Publié le Dimanche 9 mars 2025 à 15h00.

La Belle de Mai. Fabrique de révolutions, de Mathilde Ramadier et Élodie Durand

Éditions Futuropolis, 2024, 144 pages, 22 euros.

On connaissait la « belle grève des femmes », celle des ouvrières sardinières de Douarnenez en 1924, racontée récemment par Anne Crignon1. C’est par la BD que nous découvrons celle des ouvrières cigarettières de Marseille à l’hiver 1887.

Une grève victorieuse

Avec de jolis dessins en noir et blanc… et bleu, les autrices nous racontent cette histoire de dignité ouvrière, de dignité de femmes. Depuis les jours qui précèdent la grève jusqu’à leur victoire, car oui, pas de suspens, elles obtiendront satisfaction sur l’essentiel de leurs revendications. Une issue presque incroyable, tant les ouvrières de la manufacture de tabac cumulaient les handicaps.

Les conditions de travail étaient pénibles : il faisait très froid dans les ateliers et les contremaîtres jouaient parfaitement leur rôle de surveillance, de pression et de répression, avec comme illustration la plus violente, les fouilles au corps à la débauche, pratiquées par des chefs zélés. C’est l’accumulation de toutes ces souffrances qui va finir par déclencher le mouvement de colère. Après plusieurs discussions, certaines ouvrières plus remontées que d’autres vont réussir à amorcer la riposte collective, avec la grève « sur le tas ».

Écho médiatique

Une jeune femme journaliste au Petit Provençal dans la ville donne plus de poids à la grève en la faisant connaître largement. Comme pour les sardinières, une journaliste avait aussi aidé à donner un écho important à leur grève. En conséquence, la confiance commence à changer de camp. Les patrons sûrs de leur pouvoir commencent à douter. Méprisant les ouvriers et les femmes, ils considéraient que la grève ne tiendrait pas.

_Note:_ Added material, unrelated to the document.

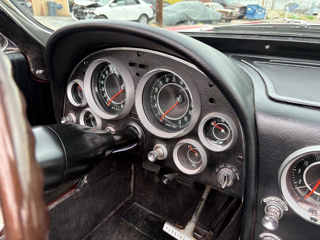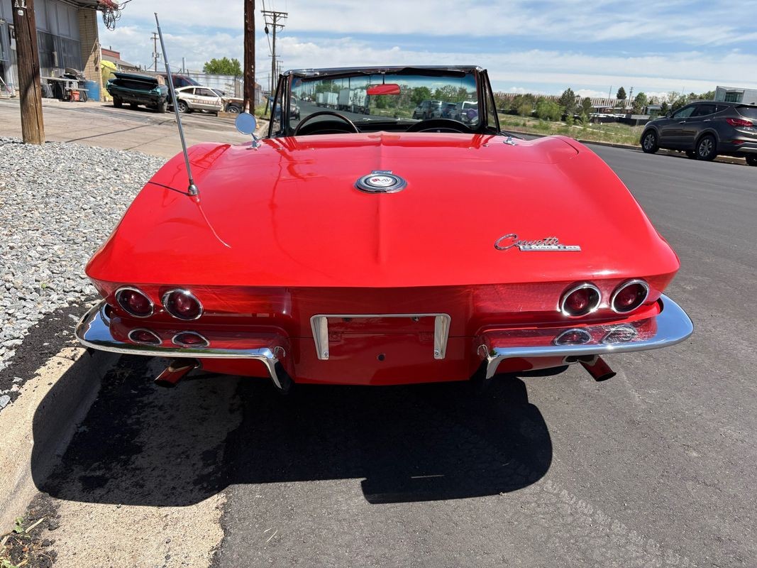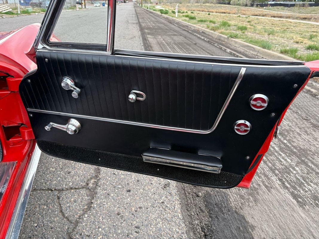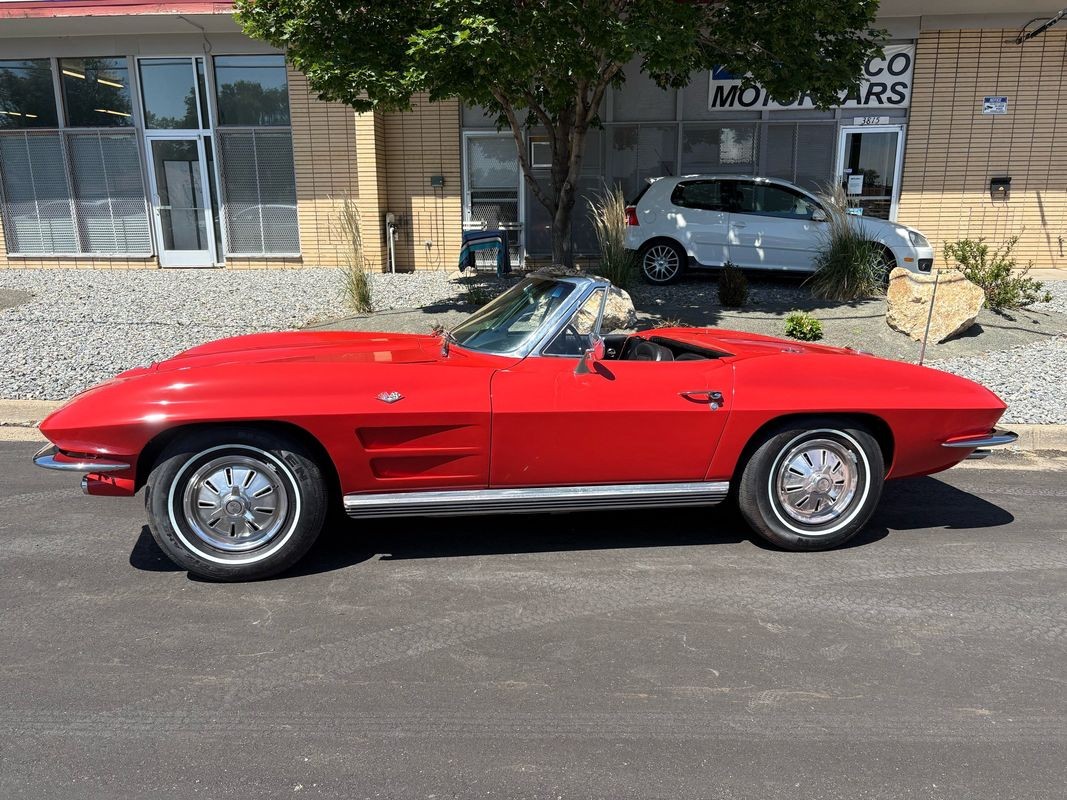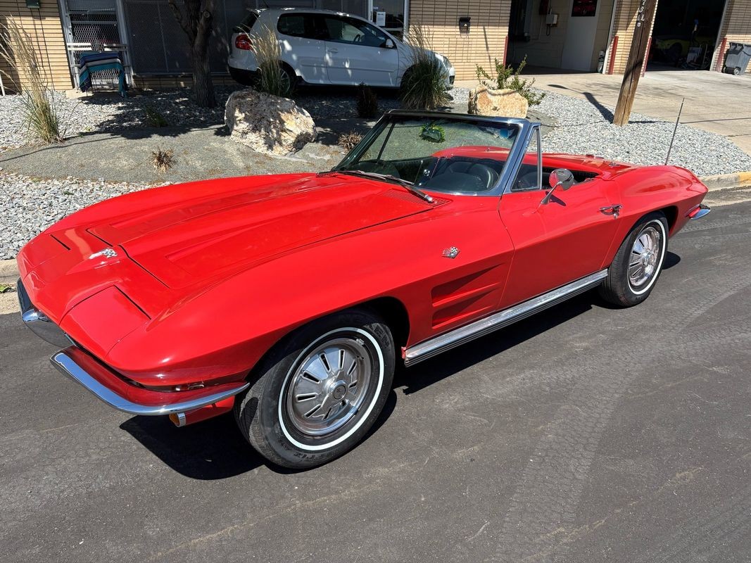 1964 Chevrolet Corvette convertible finished inrally red exterior over a black soft top with black leather interior. This Corvette is equipped with the numbers matching 327CI 300HP V8 with a 4-speed manual gear box. The black soft top looks to have been recently replaced as the plastic back window is in very nice condition. The interior is finished in black with black carpeting and is in very nice.

Mais c’est le contraire qui se passe. Avec la détermination et la révolte, les femmes en lutte ­s’organisent et ne lâcheront pas. Elles parlent de leur atelier ; c’est chez elles, alors elles doivent ­décider. Le mot d’ordre d’autogestion est lancé. Un député socialiste vient les soutenir et intervient pour elles à ­l’Assemblée.

Et les hommes dans tout ça ?

Bien sûr, tout n’est pas simple, par exemple gagner la solidarité des hommes, y compris des maris. Lors des réunions qui se déroulent dans un bistrot, leur quartier général, les discussions sont animées. Il y a des ouvrières résignées qui pensent qu’on ne peut pas changer la vie ; il y a des hésitations, des peurs légitimes.

Grâce à cette BD, on revit une lutte comme il a dû y en avoir d’autres, contre la misère, contre l’exploitation outrancière. Cet exemple marseillais, quelques années après la Commune de Paris, montre que de tout temps il y a eu la force de lutter, la volonté de s’organiser ensemble, une expérience certaine qui s’est accumulée au fil des années, qui ont permis la construction d’organisations mutualistes, de caisses de secours, de syndicats.

Une BD réjouissante, agréable à lire, qui donne envie d’en savoir plus sur cette période. Une BD qui permet à sa manière de transmettre une expérience de combat contre l’oppression, et finalement le goût de la lutte.

Philippe Poutou

  • 1. Une belle grève de femmes, Anne Crignon, Éditions Libertalia, 2023, 168 pages, 10 euros.